Dataset excerpts
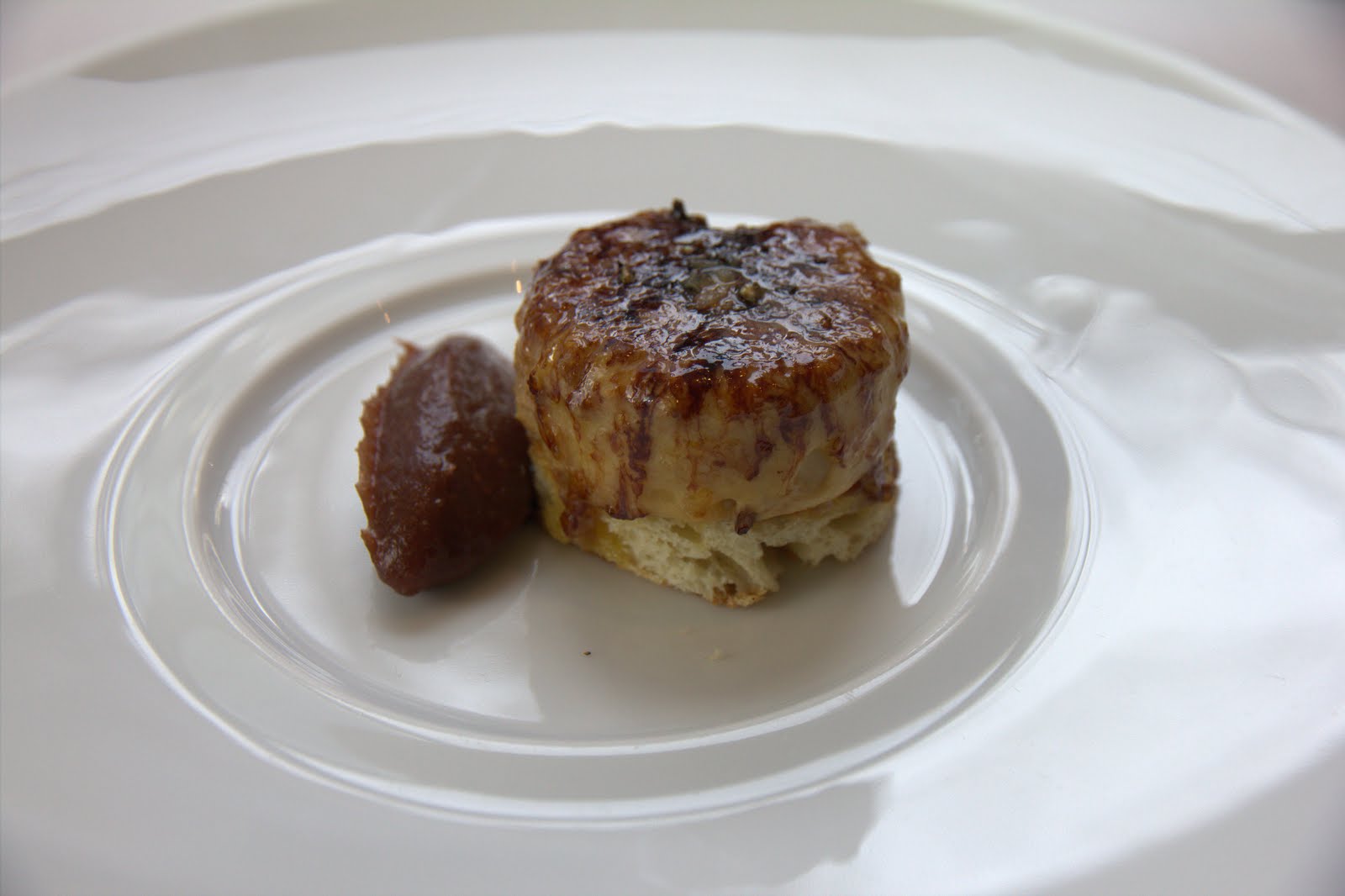 沒有存心誤導網友,不過文中的照片都是攝於2010年年末。除了兩個套餐以外,我們來另點了紅、白酒各一杯,搭配主餐的魚和牛。因為喜歡鮮嫩的口感,牛排我向來都點medium rare(四分熟),當天也不例外。固然牛排的生、熟度各家餐廳或有不同,但當天第一次送上桌的牛排無論如何都很難說是四分熟。畢竟是米其林三星的餐廳,和服務員反映過後,就是重新料理的牛排上桌。果然好的牛排還是要四分熟好吃呀!
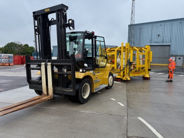 - Heavy-duty forklifts with specialised attachments for precision positioning
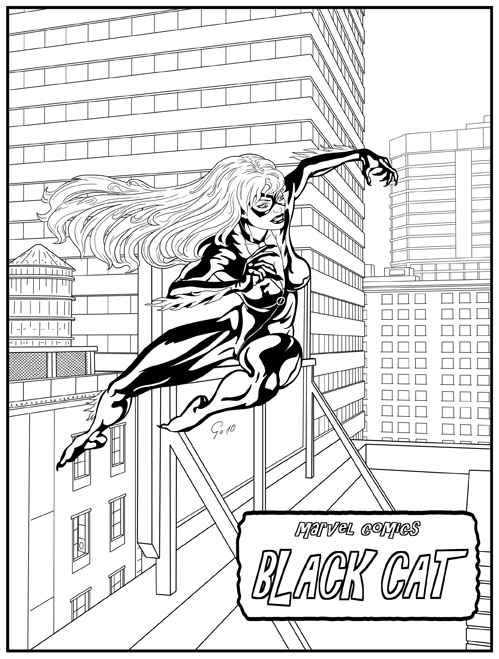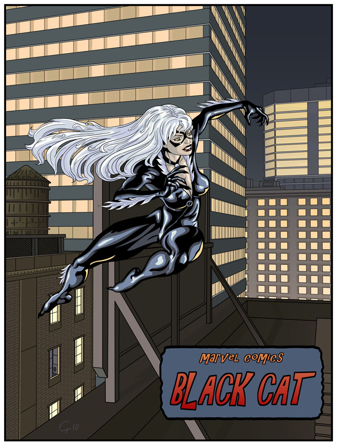 Ilustración + cómic, una ilustración para portada y un pin-up de la gata negra.
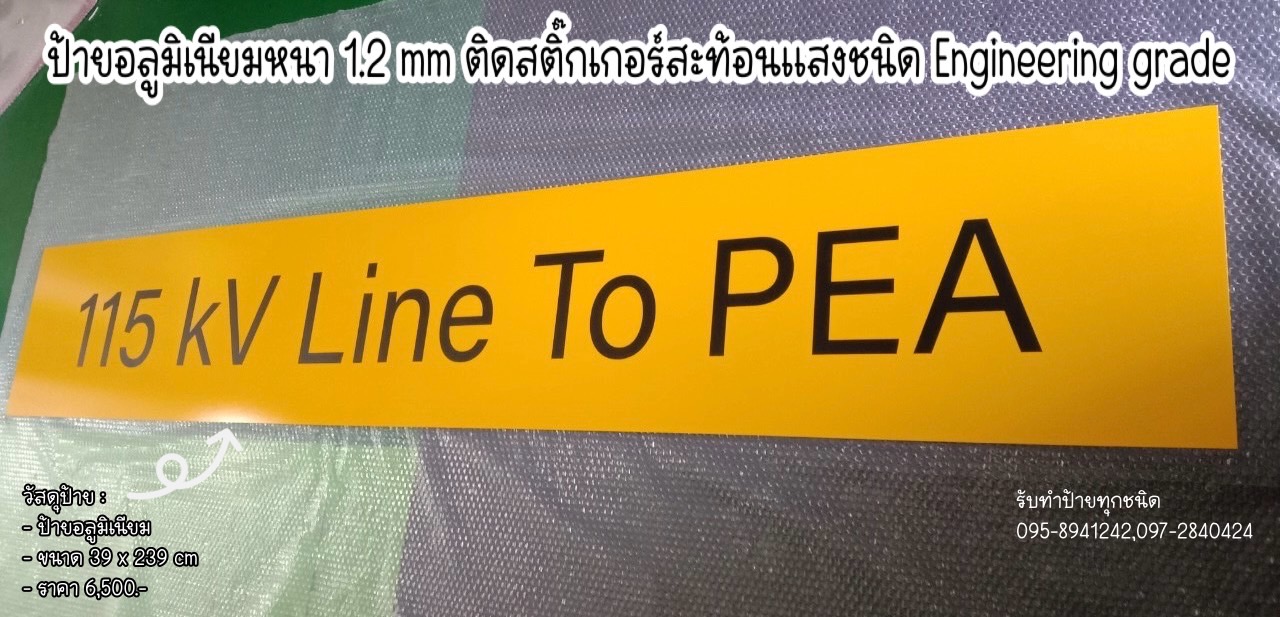 ป้ายอลูมิเนียม หนา 1.2mm ติดสติ๊กเกอร์สะท้อนแสง ชนิด Engineering grade ขนาดป้าย 39 x 239 cm
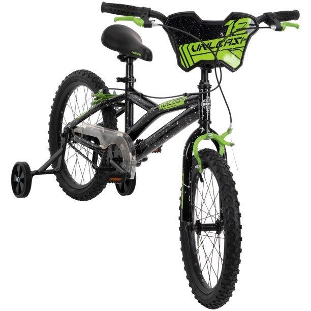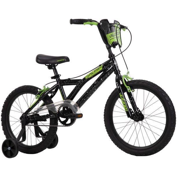 18″ Unleash Boys’ Bike with Handbrakes This Unleash 18-inch Bike by Huffy features a sleek style. The durable steel frame is decorated with crackle black colors and features striking neon green accents. Matte black wheel rims provide a cool style. The handlebar plaque completes the overall look. This bike is fun to ride, and has great features, too! This single-speed bike comes with easy-to-use handbrakes. Plus, the wide training wheels are removable. Such a great combination for learning to ride. An alloy quick-release lever that makes it easy to adjust the seat to the right height. This seat is padded to make sure every ride is comfortable. Cool racing fun, inspired by this bike’s graphics, is just what your child wants, and Huffy’s Unleash bike is ready to make memories. Get ready for your child to deliver that winning smile! From Huffy, We Make Fun.
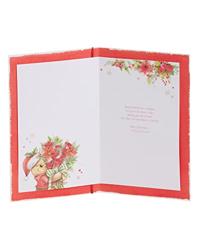 Stampato su tavola di alta qualità, questo biglietto di Natale Disney Winnie the Pooh per la persona che ami presenta un versetto in rima, scintillanti pellicole metalliche e un fiocco in rafia.
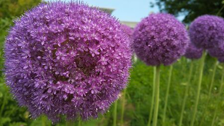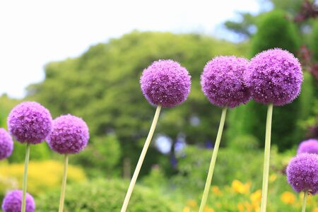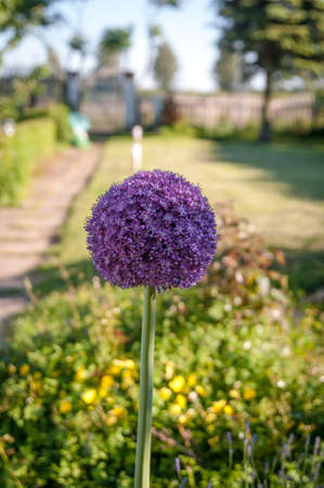 Allium flowers growing in the garden. Purple allium flowers. Round purple flowers look like a ball. Blooming onion.
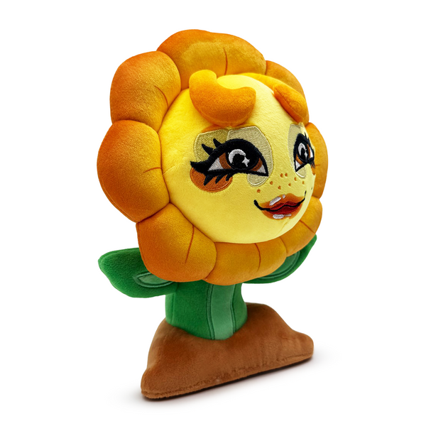 The sun is out, and her petals are spread to show a beat mug nestled in the floral disk of this sunflower. Freddie makes her Youtooz debut with her first plush! This plush is 9 inches tall and is designed with a base of plush dirt from which the stalk of this green flower protrudes that leads up to a yellow floral disk and orange petals framing it. This plush is packed to the seams with 100% PP cotton and is made of the softest minky material, with accents made in felt and tricot fabric, perfect for cuddling or serving looks with!
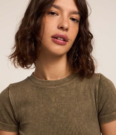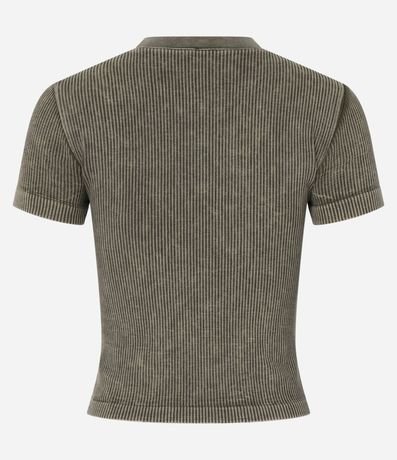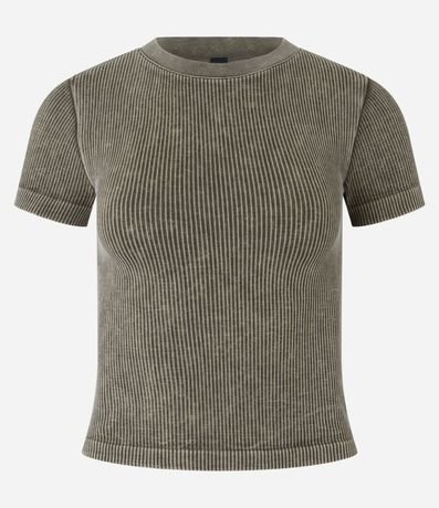 Ref: Blusa feminina confeccionada em poliamida e elastano, com gola redonda, manga curta, sem costura com efeito lavado.

Task brief :: Please return the data above exactly as it stands from the line with "- Heavy-duty forklifts" to the line with "Allium flowers growing", keeping both of those lines but none of the pictures.

Response ::
 - Heavy-duty forklifts with specialised attachments for precision positioning
 Ilustración + cómic, una ilustración para portada y un pin-up de la gata negra.
 ป้ายอลูมิเนียม หนา 1.2mm ติดสติ๊กเกอร์สะท้อนแสง ชนิด Engineering grade ขนาดป้าย 39 x 239 cm
 18″ Unleash Boys’ Bike with Handbrakes This Unleash 18-inch Bike by Huffy features a sleek style. The durable steel frame is decorated with crackle black colors and features striking neon green accents. Matte black wheel rims provide a cool style. The handlebar plaque completes the overall look. This bike is fun to ride, and has great features, too! This single-speed bike comes with easy-to-use handbrakes. Plus, the wide training wheels are removable. Such a great combination for learning to ride. An alloy quick-release lever that makes it easy to adjust the seat to the right height. This seat is padded to make sure every ride is comfortable. Cool racing fun, inspired by this bike’s graphics, is just what your child wants, and Huffy’s Unleash bike is ready to make memories. Get ready for your child to deliver that winning smile! From Huffy, We Make Fun.
 Stampato su tavola di alta qualità, questo biglietto di Natale Disney Winnie the Pooh per la persona che ami presenta un versetto in rima, scintillanti pellicole metalliche e un fiocco in rafia.
 Allium flowers growing in the garden. Purple allium flowers. Round purple flowers look like a ball. Blooming onion.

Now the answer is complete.